*** Ah yes, the rise of the (mostly white & Christian) American Jihadi. They're called 'anti govt. militia's' or the Patriot Movement and they are the direct result of the bigoted and profoundly ignorant rhetoric of Beck, Limbaugh & O'reilly primarily. All hail Queen Palin (we're against govt. but we want to be voted in so we can run that same govt. - make sense to you?)
Haters and warmongers - quite similar in many respects to the (mostly brown & Muslim) jihadi's. Extremism is extremism no matter who does it and extremist rhetoric DOES lead to terrorism. These ideologues are fermenting civil war in the United States of America - God help you in these times (Amen) MS ***
An anti-government Ohio man who had several run-ins with police around the U.S. was identified Friday as one of two people who allegedly gunned down two officers during a traffic stop in Arkansas.
Arkansas State Police on Friday identified the pair -- killed during an exchange of gunfire with law enforcement officers -- as Jerry R. Kane Jr., 45, of Forest, Ohio, and his son, Joseph T. Kane, believed to be 16.
About 90 minutes before the shootout Thursday with police, Sgt. Brandon Paudert, 39, and Officer Bill Evans, 38, were killed with AK-47 assault rifles after stopping a minivan on Interstate 40 in West Memphis, Ark., authorities said.
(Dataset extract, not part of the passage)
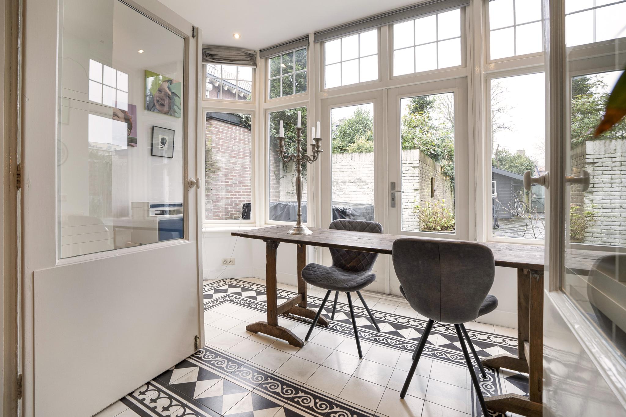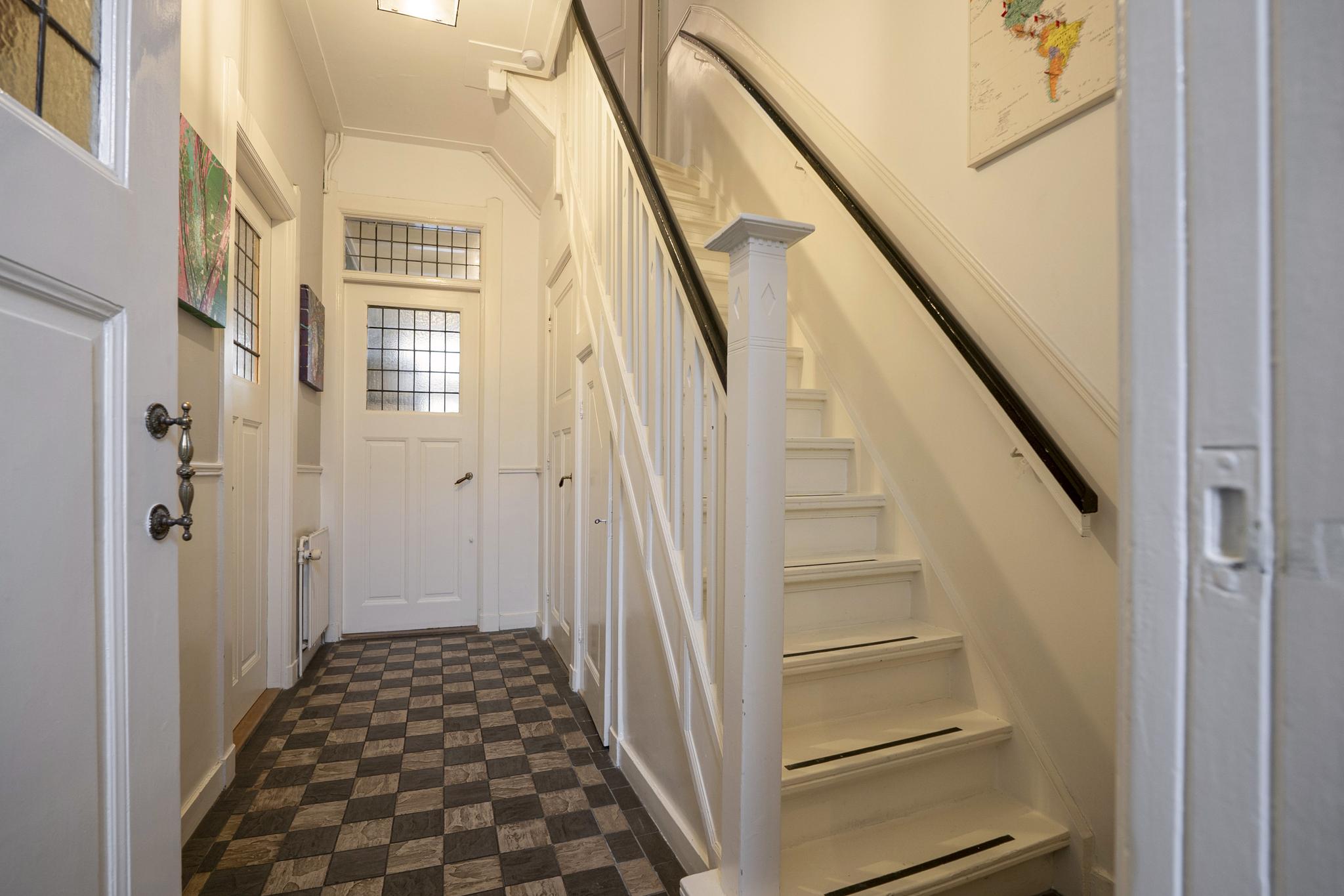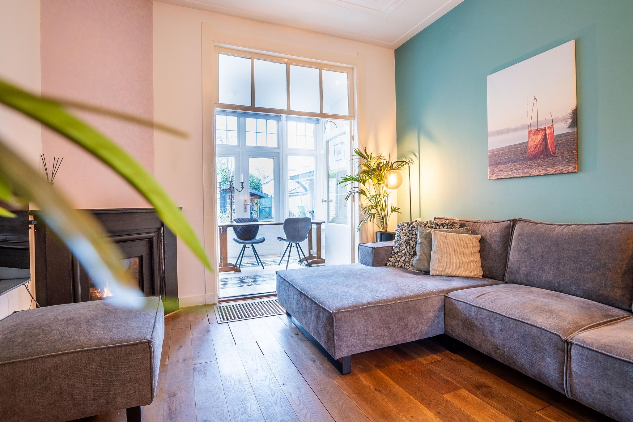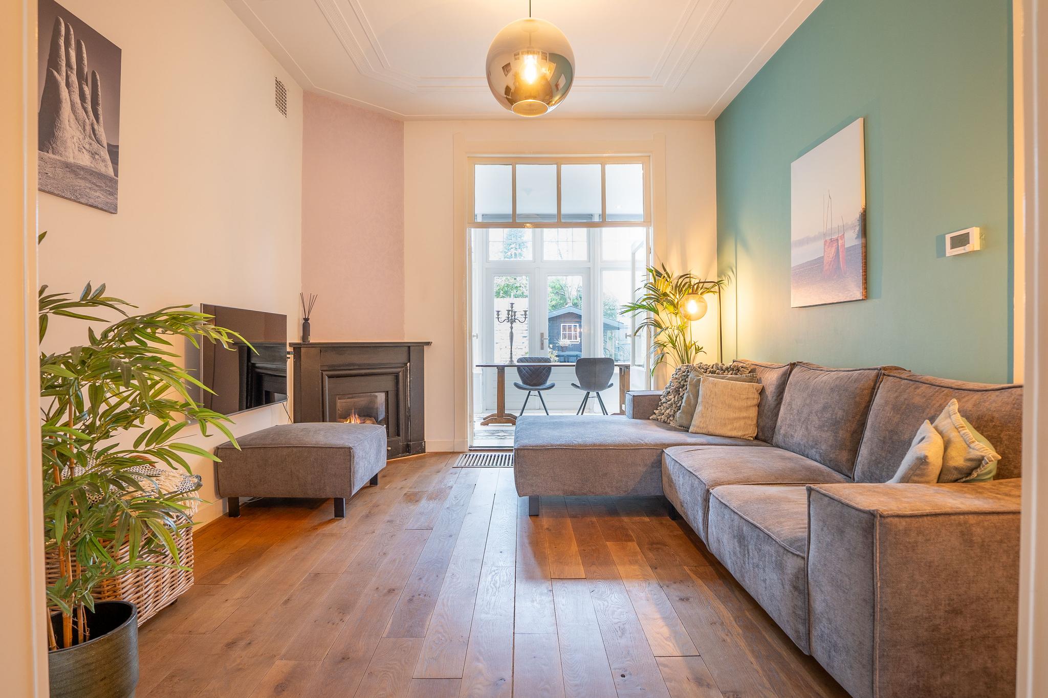 In a quiet and sought-after street near the centre of Hilversum, this charming semi-detached town house from 1910 with ample parking space is now for sale. The location offers the best of both worlds: close to the city, yet with the peace and freedom of a green, tranquil neighbourhood. The house strikes a perfect balance between historical charm and modern comfort. With original features from the early 20th century, including high ceilings, stained-glass doors, a living room with en-suite doors, black marble fireplaces, sash windows, and an impressive staircase, this is a unique home that seamlessly blends past and present.

Jerry Kane, who used the Internet to question federal and local governments' authority over him, made money holding debt-elimination seminars around the country. He had a long history with police and recently complained about being busted at a ''Nazi checkpoint'' near Carrizozo, N.M., where court records show he spent three days in jail before posting a $1,500 bond on charges of driving without a license and concealing his identity.
Clark County, Ohio, Sheriff Gene Kelly told The Associated Press on Friday that he had issued a warning to officers on July 21, 2004, about Kane, saying he might be dangerous to law enforcement. Kelly said he based his conclusion on a conversation he had with Kane over a sentence Kane received for some traffic violations.
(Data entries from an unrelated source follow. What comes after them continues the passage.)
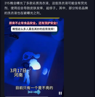 举个例子,觅友们担心的荧光增白剂问题,如果成分表中出现“荧光增白剂”、“FWA”等字样,那么这款洗衣液就很可能含有荧光增白剂。此外,还可以将洗衣液倒在白色的纸张上,在黑暗的环境中用紫外线灯照射,如果纸张发出蓝色或蓝紫色的荧光,那么这款洗衣液很可能含有荧光增白剂。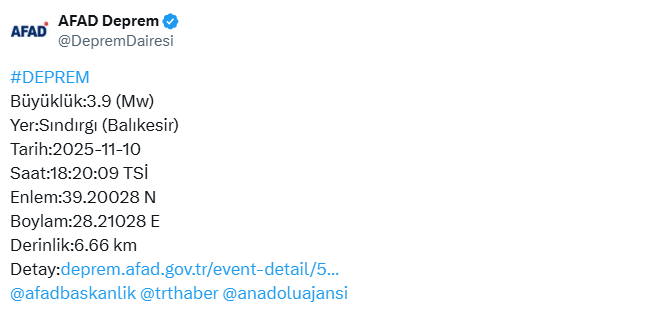 Merkez üssü Sındırgı ilçesi olarak tespit edilen deprem, yerin 6.66 kilometre derinliğinde gerçekleşti.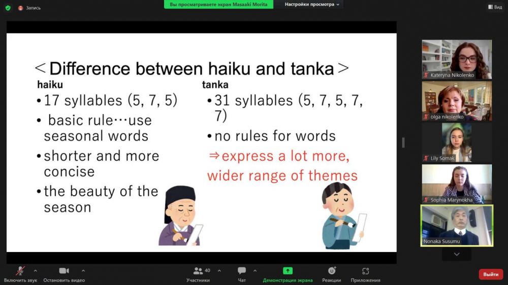 Розпочали наукове зібрання студенти Saitama University – Asumi Takahashi, Masaaki Morita. Вони підготували доповідь щодо древнього жанру японської поезії – танка. Японські студенти розповіли про відмінності танка і хайку, про різновиди танка і значення цього жанру для традиційної японської культури.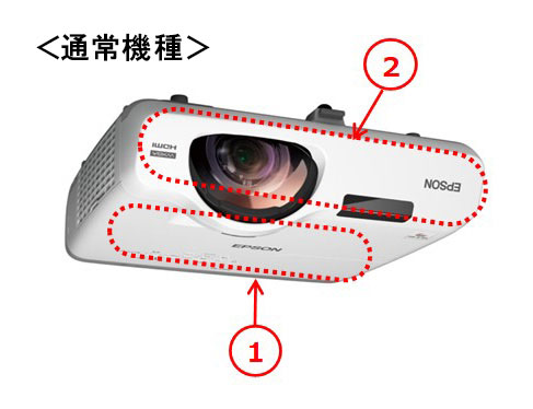 また、上記【3】記載の環境での使用は、各部の故障/投写映像の品質劣化/光学部品等の交換サイクルが短くなることがあるため、従来通り使用禁止の環境となります。こちらの「購入前のご注意」にプロジェクターの設置環境や天吊り設置についての注意事項などを掲載しておりますので、あわせてご確認ください。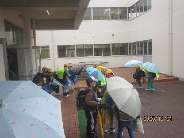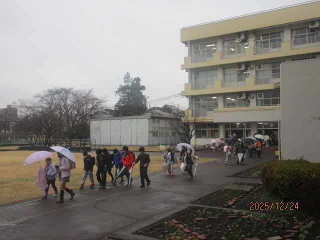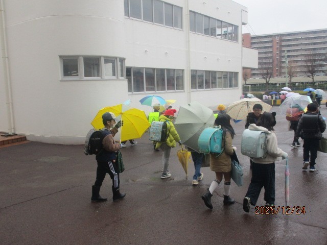 今日と明日の終業式は、B時程の4時間授業で下校となります。小雨が降る中、子供たちが下校の途につきました。手荷物がある子は、道中車などに気を付けて、明日もう1日、元気に登校してきてください。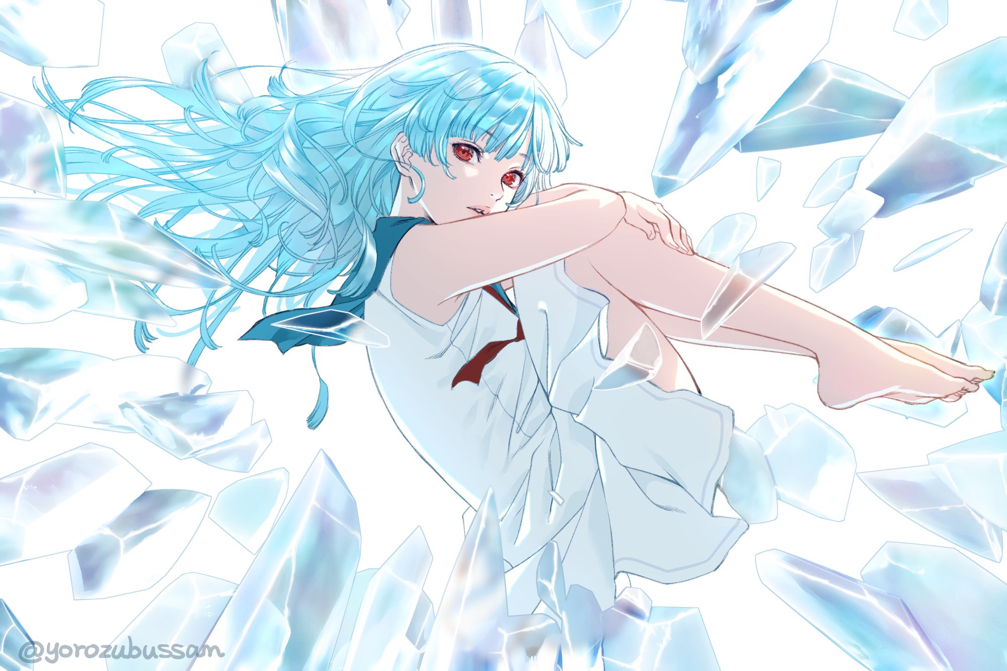1girlbarefootbloomblue hairblue sailor collardressfetal positionfloatingfull bodyicelong hairlooking at viewerred eyessailor collarsailor dressshatteredsolotwitter usernamewhite dress

Kelly said Kane had complained in July 2004 about being sentenced to six days of community service for driving with an expired license plate and no seat belt, saying the judge had tried to ''enslave'' him. Kelly said Kane added that he was a ''free man'' and asked for $100,000 per day in gold or silver.
''After listening to this man for almost 30 minutes, I feel that he is expecting and prepared for confrontations with any law enforcement officer that may come in contact with him,'' Kelly wrote in his warning to officers.
Kelly told the AP on Friday that he wrote the warning because he was ''very concerned about a potential confrontation and about his resentment of authority.''
On an Internet radio show -- hosted on a website that lets amateurs create their own shows and live discussions -- Kane expressed outrage about his New Mexico arrest.
''I ran into a Nazi checkpoint in the middle of New Mexico where they were demanding papers or jail,'' he said. ''That was the option. Either produce your papers or go to jail. So I entered into commerce with them under threat, duress and coercion, and spent 47 hours in there.''
Kane said he planned to file a counterclaim alleging kidnapping and extortion against those involved in his arrest and detention. Kane also said he had an officer sign a document that said the officer must pay for using Kane's name.
''I am now putting together an invoice for him for approximately $80,000 in gold for the eight times he used my name,'' Kane said on the radio show. ''I already have done a background check on him. I found out where he lives, his address, his wife's name.''
Mark Potok, who directs hate-group research at the Southern Poverty Law Center, said Kane had not been in the group's database before Thursday. But he said that was not surprising, given the ''explosive growth'' in the anti-government movement in recent years. With 363 new groups in 2009, there are now 512, Potok said.
Members of so-called patriot groups don't recognize the authority of the U.S. government and consider themselves sovereign citizens.
JJ MacNab, a Maryland-based insurance analyst who has testified before Congress on tax and financial scams, said she had been tracking Kane for about two years and that his business centered on debt-avoidance scams.
Potok said such scams are common in the sovereign citizen movement.
''He basically promised them they would never have to repay their mortgage or credit card debt,'' MacNab said.
Kane's website showed he held one of his seminars in Las Vegas 15-16 and that he was due to appear in Safety Harbor, Fla., May 28-29. His website Friday asked that donations be sent to an address in Clearwater, Fla., to help his family.
At that Florida address, a woman, speaking through the front door, told an AP reporter to leave the property when he knocked and identified himself. Two bicycles were in front of the unkempt, single-story home and exercise equipment was on the porch. A sign on the front door read: ''No visitors. This means you. Thank you for understanding.''
A woman who answered the door at the home of Kane's mother, Patricia Holt of Marysville, Ohio, also told an AP reporter to leave and said she had no comment. She did not identify herself.